En otras partes de la región, Finlandia nos dio a los Angry Birds, ganó el Festival de Eurovisión con una banda supuestamente integrada por orcos (Lordi) y, al menos durante un cierto tiempo, fabricó los teléfonos móviles que se instalaron de forma permanente en los bolsillos de todo el mundo.[6] Mientras tanto, Suecia continuó dominando las principales avenidas comerciales de nuestras ciudades con H&M e Ikea, así como las ondas de radio (la lista de productores y cantantes de música pop es demasiado extensa para enumerarla aquí y ahora) y también nos dio Skype y Spotify; Noruega siguió suministrando al mundo petróleo y varitas de pescado; y los islandeses se embarcaron en una juerga extraordinaria de aventuras fiscales.
Independientemente de adónde acudiera en busca de información, no lograba escapar (aparte de en Islandia) de la cobertura casi exclusivamente adulatoria de todo lo que fuera escandinavo. De haber tenido que creer lo que decían los periódicos, la televisión y la radio, los países nórdicos no podían hacer nada mal, tan simple como eso. Estas eran las tierras prometidas de la igualdad, la vida sencilla, la calidad de vida y la repostería casera. Pero lo cierto era que yo había conocido otra realidad viviendo aquí arriba, en el frío y gris norte y, aunque numerosos aspectos de la vida escandinava eran ciertamente ejemplares (y el resto del mundo podría aprender muchísimo de ellos), cada vez me frustraba más la falta de matices a la hora de esbozar una imagen de mi patria adoptiva.
Un detalle sobre este amor recién descubierto por todo lo escandinavo —ya fueran las escuelas libres, el diseño de interiores en color blanco, los sistemas políticos regidos por el consenso o los jerséis gruesos— me resultaba especialmente extraño: teniendo en cuenta toda esta publicidad positiva, y con una conciencia del llamado milagro nórdico que había alcanzado máximos históricos, ¿por qué motivo la gente no acudía en masa a vivir aquí? ¿Por qué seguían soñando con tener una casa en España o en Francia? ¿Por qué no empaquetaban todos sus enseres y se dirigían hacia Aalborg o Trondheim? A pesar de toda la literatura policíaca y de las series de televisión, ¿cómo era posible que nuestro conocimiento de Escandinavia siguiera siendo tan ridículamente escaso? ¿Cómo es que no tienes ni idea de dónde están Aalborg o Trondheim (sé sincero)? ¿Por qué no conoces a nadie que sepa hablar sueco o que se defienda en noruego? Nombra al ministro de Asuntos Exteriores danés. O al cómico más popular de Noruega. O a una persona finlandesa, cualquier persona.

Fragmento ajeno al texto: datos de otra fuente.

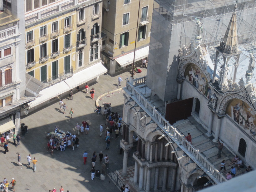 С высоты колокольни она казалось крошечной. Собор Святого Марка был виден отсюда в деталях и меня очень порадовало, что можно рассмотреть купола собора сверху.

Muy pocos de nosotros visitamos Japón o Rusia o hablamos sus lenguas pero, aunque es posible que no seas capaz de nombrar a todos sus líderes políticos, artistas o ciudades de segundo nivel, sospecho que podrías decir al menos algunos. Escandinavia, sin embargo, es una auténtica terra incognita. Los romanos ni siquiera se preocuparon por ella. A Carlomagno no pudo importarle menos. Como escribe el historiador nórdico T. K. Derry en su historia de la región, literalmente durante miles de años, «el norte permaneció casi en su totalidad fuera de la esfera de interés del hombre civilizado». Incluso la falta de interés que puede advertirse actualmente es ensordecedora. A. A. Gill, en un artículo publicado recientemente en el Sunday Times, describe esta parte del mundo como «una colección de países indistinguibles unos de otros».

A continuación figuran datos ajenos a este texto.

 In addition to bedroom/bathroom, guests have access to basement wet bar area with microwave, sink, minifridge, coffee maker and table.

En parte, la razón de nuestro punto ciego colectivo —y yo soy el primero en admitir lo extraordinariamente ignorante que era en asuntos relacionados con esta región antes de mudarme aquí— es el hecho de que somos relativamente pocos los que viajamos por esta parte del mundo. Por muchas maravillas escénicas que posea, el costo de visitar Escandinavia, junto con su desalentador clima (por no mencionar la existencia continuada de Francia), tiende a disuadir a mucha gente de pasar aquí sus vacaciones. ¿Dónde está la literatura de viajes sobre el norte? Las estanterías de las librerías se colapsan bajo el peso de las memorias situadas en el Mediterráneo —Dipsómano entre olivares, Aventuras extramatrimoniales con naranjas y otros—, pero al parecer nadie quiere pasar Un año en Turku o tratando de circular Entre arándanos.
Un día, mientras esperaba durante media hora a ser atendido en la farmacia de mi barrio (las boticas danesas están organizadas sobre la base de un monopolio, por lo que el servicio al cliente no es ninguna prioridad), caí en la cuenta de que, a pesar de todas las reseñas brillantes sobre Sofie Gråbøl (estrella protagonista de The Killing), de todos los artículos sobre los tejidos de punto feroeses y de las recetas con veinte tipos de hierbas y raíces (aquí debo levantar la mano, puesto que yo mismo he escrito más de un par sobre estas últimas), lo cierto es que aprendemos más de la mano de nuestros profesores de colegio, televisiones y periódicos sobre la vida de las remotas tribus amazónicas que de los escandinavos y cómo viven realmente.
Esto resulta extraño, porque los daneses y los noruegos son nuestros vecinos más cercanos por el este, los islandeses por el norte y, en términos de nuestro carácter nacional, tenemos más en común con ellos que con los franceses o alemanes: nuestro sentido del humor, tolerancia, recelo de los dogmas religiosos y de la autoridad política, honestidad, estoicismo frente a una meteorología deprimente, orden social, dieta pobre, falta de elegancia al vestir, etc. (Esto frente a la incontinencia emocional, la corrupción endémica, el humor a base de payasadas, el temperamento adolescente, la dudosa higiene personal, la gastronomía exquisita y la elegante sastrería de nuestros vecinos del sur).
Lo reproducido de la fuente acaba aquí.